Air Force Chief of Staff Gen. Kenneth Wilsbach later told the House Armed Services Committee that the MQ-9 was the standout unmanned platform in Operation Epic Fury. Air & Space Forces Magazine reported his remarks that Reapers conducted many strikes, supported operations without placing pilots over Iran, and remained in use after the main six-week fighting period.
Sources: CENTCOM Epic Fury Fact Sheet, Air & Space Forces MQ-9 Epic Fury
Timeline
The catalog's canonical 2025 Israel-Iran Conflict began with direct Israel-Iran fighting in June 2025 and remains open for later directly sourced state-on-state engagements. MQ-9 evidence in this record belongs to the later U.S. Operation Epic Fury phase against Iran rather than the opening Israeli operation.
CENTCOM states that Operation Epic Fury began against Iran on February 28, 2026. By April 6, CENTCOM's public fact sheet listed MQ-9 surveillance and attack drones among the assets employed and reported more than 13,000 targets struck across the campaign.
On May 20, 2026, Wilsbach publicly emphasized the MQ-9's role during congressional testimony. Air & Space Forces Magazine reported that Reapers flew around a dozen orbits over Iran at a time during the air war, focused on striking or supplying intelligence for other platforms against dynamic targets such as missile and drone launchers, aircraft, and mobile systems.
Sources: 2025 Israel-Iran Conflict Metadata, CENTCOM Epic Fury Fact Sheet, Air & Space Forces MQ-9 Epic Fury
Narrative
The documented user was the United States. Public sources support MQ-9 use for intelligence, surveillance, reconnaissance, attack, and strike-support missions in Iranian-controlled battlespace during Operation Epic Fury; they do not support Iranian, Israeli, or proxy possession of U.S. MQ-9s in this conflict.
The Atlantic Council described the total number of MQ-9s used in Operation Epic Fury as unknown, but noted that the United States rotated MQ-9s in orbits with several aircraft loitering over enemy airspace at a time. Its tracker grouped the Reaper with ISR assets and cited open-source reporting that MQ-9 losses during Epic Fury built on earlier attrition in the region.
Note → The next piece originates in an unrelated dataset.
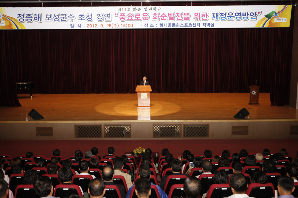 정종해 보성군수가 지난 26일 화순군 하니움문화스포츠센터에서 열린 제11회 화순열린학당의 강사로 초청되어 “풍요로운 화순 발전을 위한 재정 운용 방안”이란 주제로 강연을 했다. 이날 정 군수는 홍이식 화순군수를 비롯한 1,000여 명의 화순군민과 공무원 등이 참석한 가운데 지방 재정 운용의 효율적 운영 방향과 지방자치 발전을 위한 ..
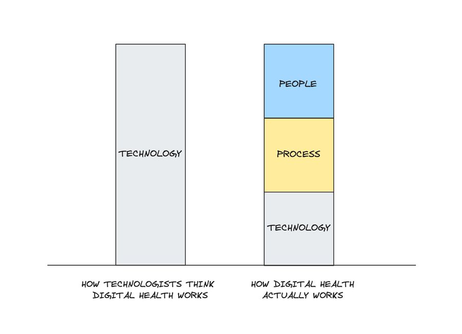Joshua wrote, “Let me show you … why studies evaluating the same tech can have very different outcomes. Why the very same tech implemented with different workflows and people can lead to wildly different results.” See the great (and pretty funny, actually) visual that Joshua Liu made about this, but the point is this: Technology is not a thing unto itself. It is not a magic pill like those gelatin caps that you can buy at toy stores and when you toss them in the bathtub, they expand into surprisingly large foam dinosaurs. I mean, you can buy any given healthcare, digital technology, anything … and what doesn’t pop out of the box along with purchase are any sort of “why” for an end user to actually use the thing, or implementation plans, processes, change management, empowered people who are bought in, adequate training, adequate staffing levels, and ongoing communication.

Public reporting also indicates that the MQ-9's usefulness came with attrition. Air & Space Forces Magazine reported that nearly 30 Reapers had been lost in operations against Iran, including aircraft lost to air defenses and others struck on the ground. Military Times, summarizing congressional testimony and related reporting, gave a lower figure of 24 Epic Fury Reaper losses and tied those losses to the fleet falling to roughly 135 aircraft. Those loss counts are reported figures rather than a complete official inventory.